The names of thousands of dead people were being kept on the rolls to inflate membership figures, and when journalists visited the Virginia headquarters, coalition officials hired temporary workers and leapfrogged them ahead of the observers to give the appearance of a busy office.

Also in 1999, the Internal Revenue Service denied the Christian Coalition's efforts to win tax-exempt status, saying it worked on behalf of the Republican Party.

Many observers initially traced the start of the decline to the defection of Robertson's savvy lieutenant, Ralph Reed, in 1997 to become a political consultant.

For some, the loss of Reed's expertise wasn't as critical as the opening that his departure made for Robertson, who could not resist the temptation to reassert control.

He wrote a million-dollar check to help the coalition out of a growing money squeeze, but then he insisted on editing and directing a major fund-raising campaign that bombed, as aides told him it would. It cost the organization a half-million dollars and was indicative of how badly the Christian Coalition's fund-raising machine was broken.

Meanwhile, the two men hired to replace Reed -- Don Hodel, a former Reagan Cabinet officer, and Randy Tate, a former Republican congressman -- were trying to make the coalition more professional and issue-oriented, like the National Rifle Association or the AFL-CIO, and less personality-driven -- the personality being Pat Robertson's.

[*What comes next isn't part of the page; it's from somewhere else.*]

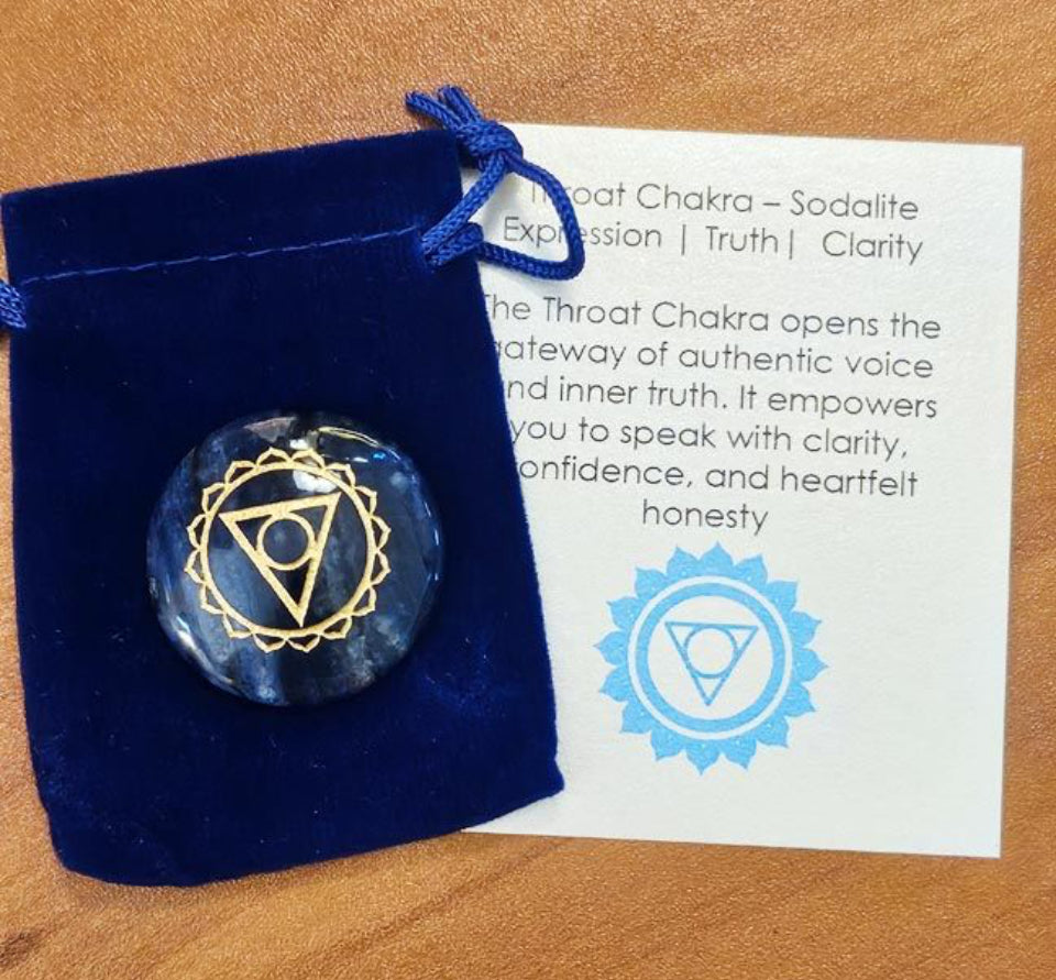 💙 Throat Chakra – Sodalite - The Throat Chakra opens the gateway of authentic voice and inner truth. Sodalite, with its deep indigo swirls, harmonizes logic and intuition, helping you speak with clarity, confidence, and heartfelt honesty. It encourages courageous communication and the wisdom to listen deeply.

And Pat Robertson didn't cotton to that.

"He wants to do it on his own," says one former official, who still considers Robertson "brilliant," but flawed. "He is a polarizing figure."

Robertson, who this year turned 70 -- his biblical term limit of three score and 10 years -- appears as fit as ever.

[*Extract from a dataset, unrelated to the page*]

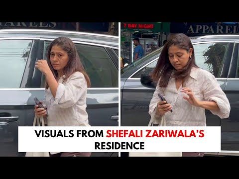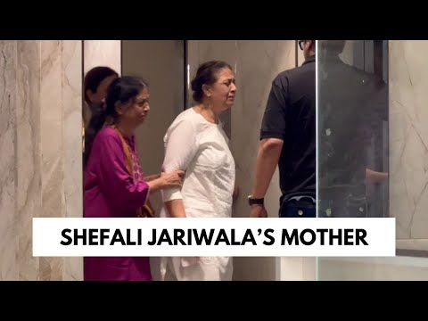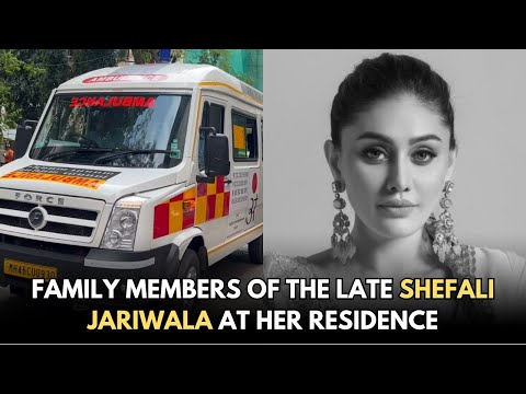 Family members of the late Shefali Jariwala pay their respects as they arrive at...

Many people think that if Bush wins on Nov. 7, Robertson could simply declare victory and ride off into the sunset, his 10-year plan a success.

"Assuming that Mr. Bush wins, with his testimony of faith, I think we can say we've done what we set out to do," Robertson says. He speaks with manifest satisfaction, but also softly and plainly; he has no need to boast. To him, the record speaks loud and clear.

Then again, he also knows that a Bush loss could work out just as well, at least for Pat Robertson.

"Sometimes it's more difficult to have a friendly administration than to have an administration with which you are fighting," he says. "Because people go to sleep when they have their friends in office. They figure they've done their job and they can get a little lax.

"Whereas if there's a perceived adversary, then they wake up."

Pat Robertson pauses at the prospect and smiles.